The story of this ‘botched hanging’ in Iran, from which the condemned man astonishingly recovered, includes comments which reflect a particular revulsion at the idea that a man should be hanged twice. Amnesty International comment that ‘the horrific prospect of this man facing a second hanging, after having gone through the whole ordeal already once, merely underlines the cruelty and inhumanity of the death penalty’. The condemned man’s family found him alive in the prison morgue: to put them, also, through the distress and agony of a second execution seems inhumane.
In medieval texts, too, there seems to be evidence of a clear taboo regarding multiple hanging. In Henry Bradshaw’s Life of St Werburge, which I edited for the Mapping Medieval Chester project, a young man is ‘thries hanged vnlaufully’ (hanged three times unlawfully) by the officials of the city, and is saved from death by the intervention of St Werburgh. The account seems to refer to a natural law and justice which transcends the authority of the secular civic government and their persecution of this man – who, we’re also told, was arrested ‘of a light suspicion’ (on little grounds).

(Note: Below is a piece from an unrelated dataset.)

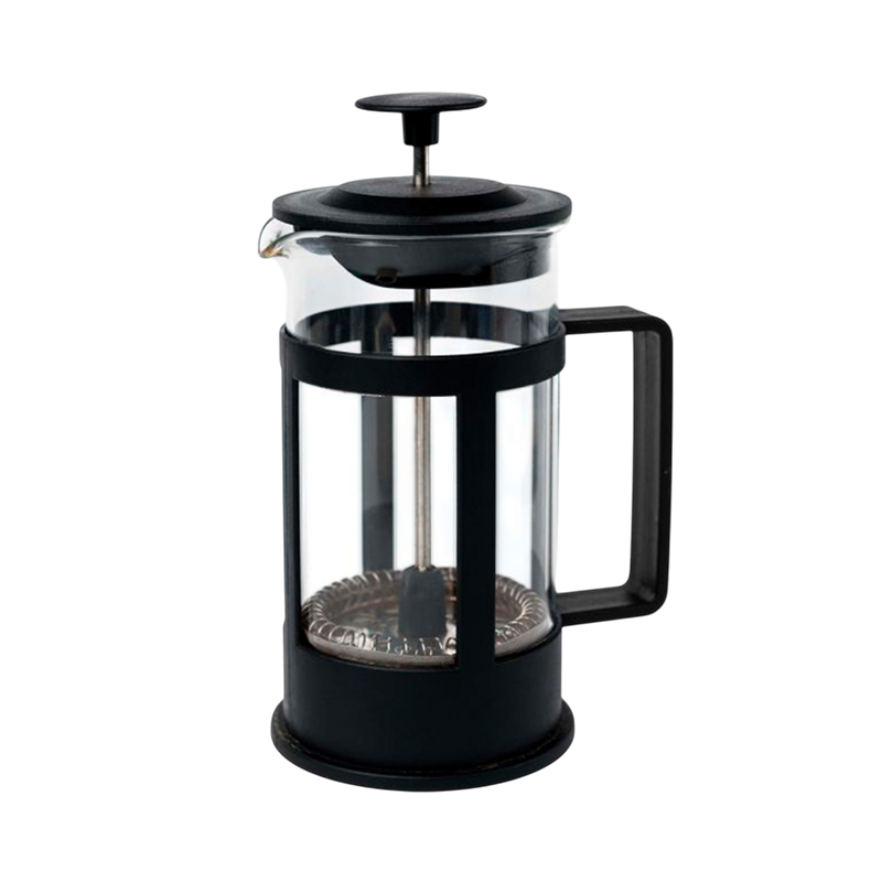 Prensa francesa de vidrio con borde y agarrador plastico color negro 350 ml.

In our story of medieval Swansea, William Cragh was also hanged twice, after the gibbet broke during the first attempted execution. The narrative of the miraculous revival of Cragh probably reflects a similar medieval superstition or taboo in relation to multiple hanging. The story itself (along with its transmission / circulation and local currency in medieval Swansea) also suggests the same kind of popular resistance and opposition to an oppressive regime (in this case, the Anglo-Norman Marcher lord and his authority) as we see in both the cases of medieval Chester and modern Iran.